End users can choose which role (via the Copy permissions from drop-down menu, see image below) their new custom role will include. The new role will have the same level (created in the roles' settings section) as the role it was created from.
Self-served roles required permissions
The ability to create, edit, or delete custom roles is defined by specific permissions. The following table lists the possible permission that includes actions relating to Custom Roles.
| Category | Permission | Key | Location in Portal |
|---|---|---|---|
| Security Policies | Read Roles (access Roles section) | fe.secure.read.roles | Roles |
| Security Policies | Write Roles | fe.secure.write.roles | Roles |
| Security Policies | Delete Roles | fe.secure.delete.roles | Roles |
Self-served roles via API
To create and get account level roles programmatically, you can use these APIs.
API (account) tokens
Frontegg API tokens are tenant-specific, role-based tokens that allow programmatic access to various functionalities.
Full details regarding the range of possibilities can be found in the dedicate machine to machine guide.
SCIM provisioning
End users can easily set up provisioning for their organization's identity provider and your application, powered by Frontegg. Full details can be found in the dedicated SCIM provisioning guide.
Audit logs
Frontegg's audit log solution offers insights into Frontegg events related to end users management, authentication and settings but also allows you to log and display your application's audits to your end users.
The columns that will be displayed on the audit logs section of self-service portal, can be defined from the Frontegg builder.
Add custom audit logs
The audit logs page displays by default events that are related to Frontegg, however, you can send your own application audits logs to Frontegg and they will be displayed along with Frontegg's audits.
- Node.js SDK - see full instructions here.
- Python Flask - see full instructions here.
- Python FastAPI - see full instructions here.
- API - see full instructions here.
Export audit logs
Audit logs can be either downloaded by end users via the download button.
Webhooks
Frontegg offers a custom webhook infrastructure that allows you to define application-specific events your end users can subscribe to. Through the self-service portal, users can configure their subscriptions, and when you trigger an event, Frontegg sends a notification to the endpoint specified by the user.
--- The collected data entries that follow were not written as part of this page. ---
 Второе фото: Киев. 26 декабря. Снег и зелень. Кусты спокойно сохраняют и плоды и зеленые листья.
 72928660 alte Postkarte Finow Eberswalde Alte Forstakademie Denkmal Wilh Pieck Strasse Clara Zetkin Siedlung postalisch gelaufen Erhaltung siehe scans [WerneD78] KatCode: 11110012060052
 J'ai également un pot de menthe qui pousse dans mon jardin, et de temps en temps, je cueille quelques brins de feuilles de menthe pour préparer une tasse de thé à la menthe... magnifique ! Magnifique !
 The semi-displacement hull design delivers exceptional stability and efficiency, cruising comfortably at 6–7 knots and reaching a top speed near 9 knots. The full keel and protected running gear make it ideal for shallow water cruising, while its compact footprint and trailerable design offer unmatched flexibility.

The list of events in the self-service portal will display events that were configured initially in the Frontegg builder.
If you're using Frontegg's Node.js SDK, events can be triggered through the events client, or simply via API:
import { EventsClient } from '@frontegg/client' // Init the events SDK with the clientId and api key const eventsClient = new EventsClient(); await eventsClient.init('YOUR-CLIENT-ID', 'YOUR-API-KEY'); eventsClient.trigger({ // A unique event key for the event eventKey: 'event-key', /* Title and description are required properties and will be sent in the request payload */ properties: { title: 'Welcome To Our App', description: 'This is our new app', }, /* Add additional properties to the request payload or use webhook:true to send only default properties */ channels: { webhook: { someKey: 'some value', }, }, // Trigger the event for a specific tenantId. tenantId: 'my-tenant-id', });
When end users will be subscribing to self-served webhooks they'll need to provide the following details:
- URL - The endpoint where Frontegg sends webhook notifications. Subscribers should set it to consume the notification.
- Secret Key - A confidential value for securing transactions; subscribers must not share it.
- Events - Choose an event from the dropdown, based on those created earlier.